The policy of non alignment also meant alignment with all denominations of imperialism without showing any partiality to any one denomination. In fact, this was what happened in India. British India was called jewel on the British crown but post colonial era it became jewels on the varied crowns of global capital. The emergence of transnational/multinational business organisations and capital facilitated this process enormously. Even before the 2nd World War multinational corporations as a specific form of business organisation had emerged in the Americas but after the War it was pushed on a world scale. Decolonised countries like India had guaranteed the protection of established colonial capital interests and nationally the native business class called compradors were dominant politically and economically. This social base of erstwhile colonialism could well adapt itself to the changed political conditions. Of course, changes are inevitable and the scale of operations is also different. As an illustration we can take the background of the big business houses of India. Most of them began as procurers for colonial capital who graduated to the position of manufacturers and owners of industrial capital due to the pressures of the two world wars. The Tatas started as opium and liquor procurers/traders and subsequently became steel and textile producers too.
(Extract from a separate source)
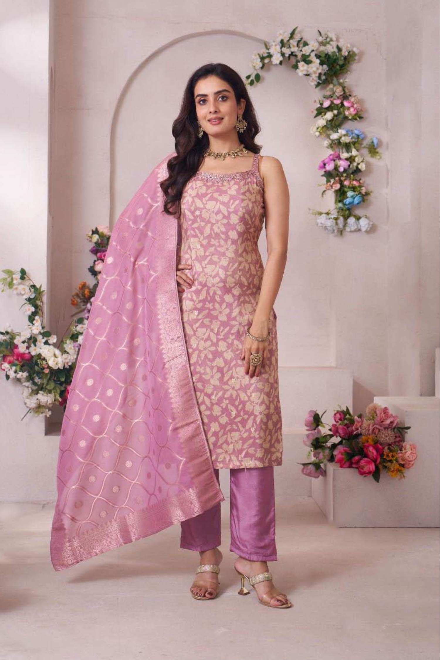 Onion Color Party Wear Designer Straight Long Suit :: ANOKHI FASHION
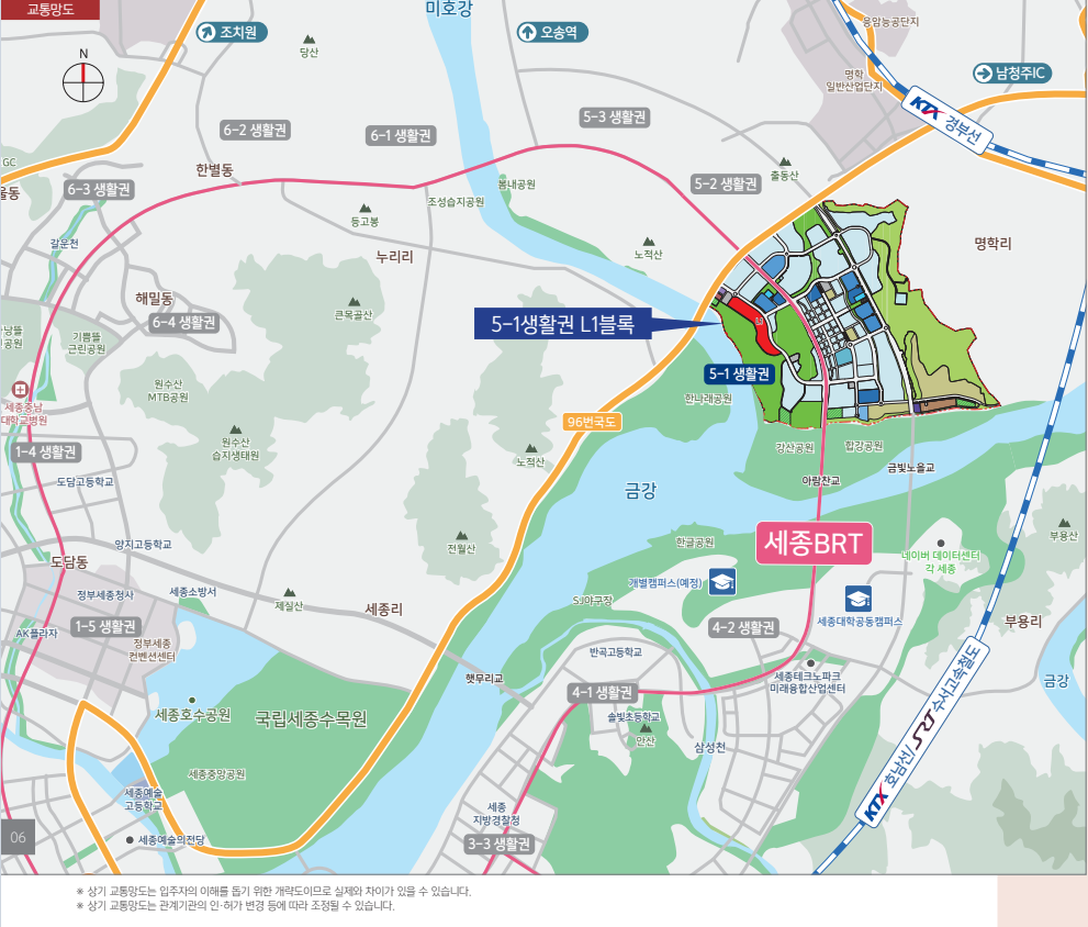 - 사통팔달 교통의 요지: 단지 인근을 지나는 BRT(간선급행버스) 노선은 세종시 내부 이동은 물론, 인근 오송역(KTX/SRT)과의 연결성을 극대화합니다. 또한 외곽순환도로와 인접해 있어 청주, 대전 등 인근 도시로의 광역 교통망이 매우 우수합니다.

Though Nehru was sought to be projected globally as a dashing leader of the third world, the situation was bleak internally. Agrarian relations in this predominantly agrarian country were wretchedly backward which was grinding the vast masses in feudal oppression and acting as a severe fetter on the development of productive forces all around. The peasantry was rebelling and in some places turning into armed rebellion against the state. Immediately after independence the Nehru government had to send in the military to the large erstwhile princely state of Hyderabad. Similar, though not so big, rebellions happened in other places too. Kashmir was truncated and the North East was certainly not at ease with Delhi. The new government in Delhi was unwilling to initiate radical changes in land relations for fear of earning the hostility of the feudal classes and the pre- independence promises of federalism were being brushed aside and even linguistic organisation of States was sought to be indefinitely postponed with the result that a mass-based movement for linguistic reorganisation of the colonial structure broke out on a pan-Indian basis. This was particularly intense in peninsular India. The Nehru government faced all these and more problems in the immediate post-1947 period. The annexation of Tibet and the Chinese position that vast regions administratively in India are part of Greater Tibet and hence belong to China created a war in 1962 and political freedom itself was immediately followed by a war with Pakistan over Kashmir. This was certainly a compelling reason for further and further militarisation, a very severe drain on the impoverished and dilapidated economy that was inherited from the colonialists but highly lucrative to the arms brokers and producers and their economies.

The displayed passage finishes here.